Your Greatest Tool is Your Workspace

Outside the home, people spend more time at work than any other space. The average full-time employee spends over 8 hours a day working or commuting to work. With so much of our daily activities consumed by work, these spaces must add value to our daily lives. An excellent office space is productive, functional, adaptive, and inviting. These factors put together, create an engaging place that people want to work. How do you know if your workspace is actually working for you?
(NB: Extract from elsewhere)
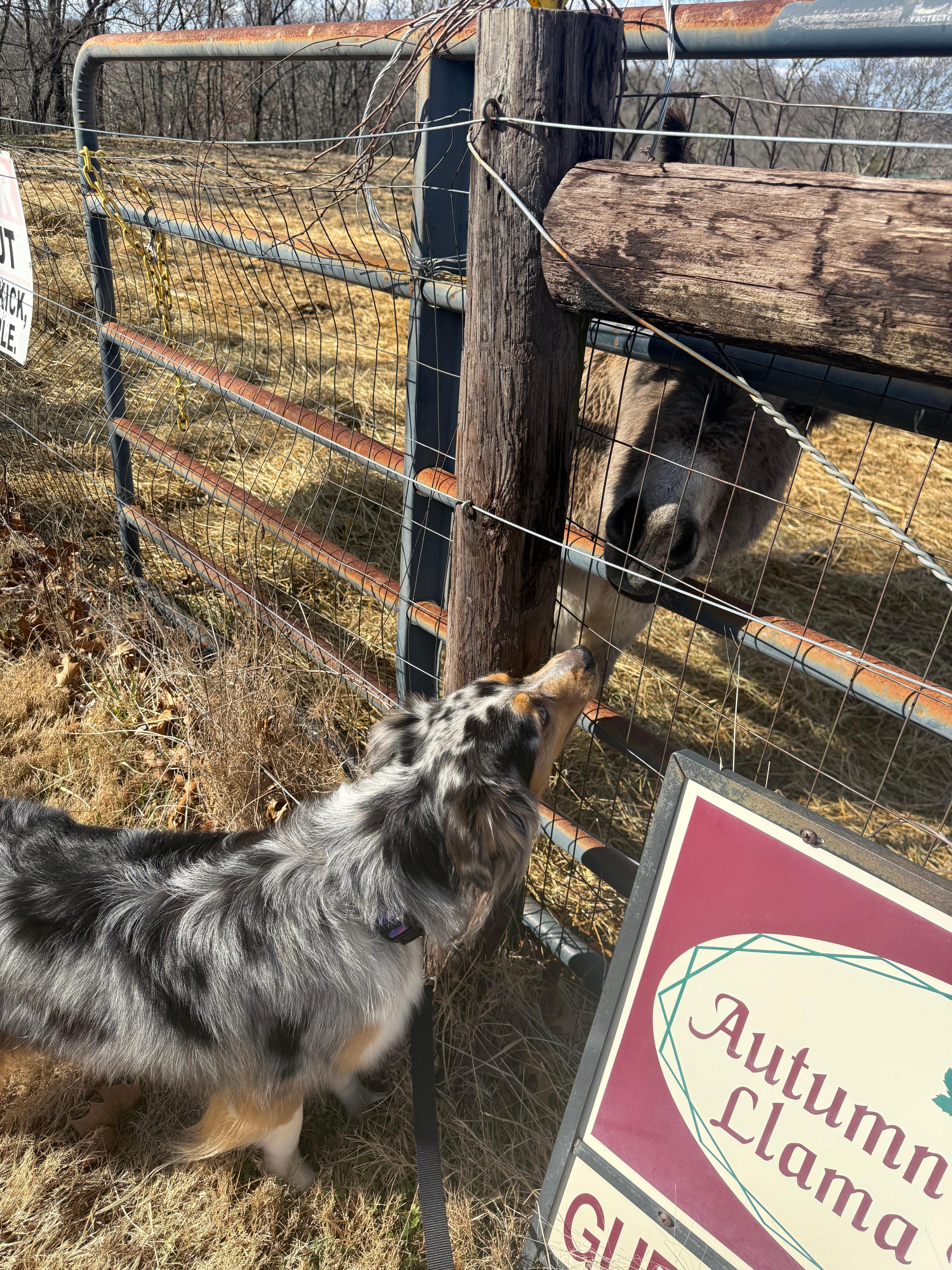 Are you an animal lover who would love to vacation at a place where there is peace and quiet as well as all kinds of animals, both domestic and wildlife, to watch? Do you stress when planning a vacation because you can’t bring your dog(s) along? Would you like to have unlimited long distance calling available rather than trying to use your cell phone in our mountainous area? Then Cabin at Autumn Dancer Llama Farm is the place for you. The cabin is situated on 17 acres of beautifully rolling hills directly below Meadow Creek Mountain. For your canine family members (we allow up to 5 dogs..size doesn't matter), we offer 1/2 -acre of fenced backyard so that they may run and frolic as well as a fenced deck. We've replaced the backyard fence and have added pictures showing the cabin with the new fence.

1) Office spaces should stimulate work.

An open desk floor is distracting for high-performing individuals tackling complex problems, while a tight office stifles collaborative brainstorming sessions. The spaces must function for the task at hand and not inhibit the daily activities. Think adaptive furniture that can group together or wheel apart, moving walls to open up spaces or provide privacy, or designated areas for certain types of activity levels. Give workers some flexibility to choose where they are working on a given task. Noise level matters, too. Some offices thrive on a lounge-like noise level, while others prefer soft pink noise. Depending on your needs, consider creating quiet zones for when workers need to concentration.

2) Office spaces mirror business needs.

No two businesses have the same space needs. Take an engineering firm. It’s likely the employees need places to meet with clients, for small-team collaborative meetings, and quiet areas with the tech tools for individual work. Compare to a photographer, who needs an open space for shoots and a private place to edit.
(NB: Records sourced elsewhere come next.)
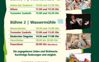 Am Samstag, den 20. September 2025, erwartet euch ein buntes Live-Programm auf gleich zwei Bühnen: 🌿 Auf der Vechtewiese geht es ebenfalls hoch her: Diese erprobte Partywiese bietet Unterhaltung für die ganze Familie, von wilden Auftritten bis zur magischen Zauberei. 💧 An der Wassermühle wird zum allerersten Mal musikalisch eingeheizt – genießt Livemusik in dieser einzigartigen Kulisse an der gemütlichen [...]
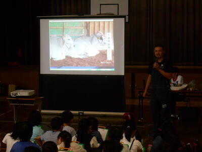 7月1日、4年生は社会科の千葉県の特色ある地域の学習や、総合的な学習の一環として、牧場体験学習を行いました。館山市にある牧場や、ミルクマイスター、大手乳業メーカーの方が来校し、牛乳の秘密や酪農等について、詳しく教えていただきました。
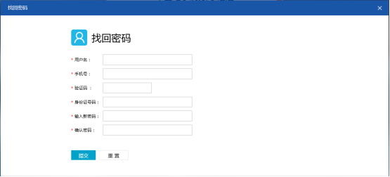 ? 在登錄界面點擊【找回密碼】,出現(xiàn)找回密碼界面,輸入用戶名、手機號、驗證碼、輸入新密碼和確認密碼,點擊【提交】即可。

The workspace should reflect its use. For most businesses, a range of space is needed: places for highly focused individual tasks, places for partner or small-team collaboration, and larger meeting spaces. Harvard Business Review covers how to evaluate your business’ workplace needs for better functionality.

3) Office spaces need tech tools.

We’re a mobile, flexible workforce. The modern workforce expects to “plugin” whether in a coffee lounge or at a desk. Power and Wi-fi access are the top two needs to get work done, but there are other considerations depending on the unique business needs: better lighting, printing, copying, audio/visual display, et al. Equip your spaces with the right technology to get work done.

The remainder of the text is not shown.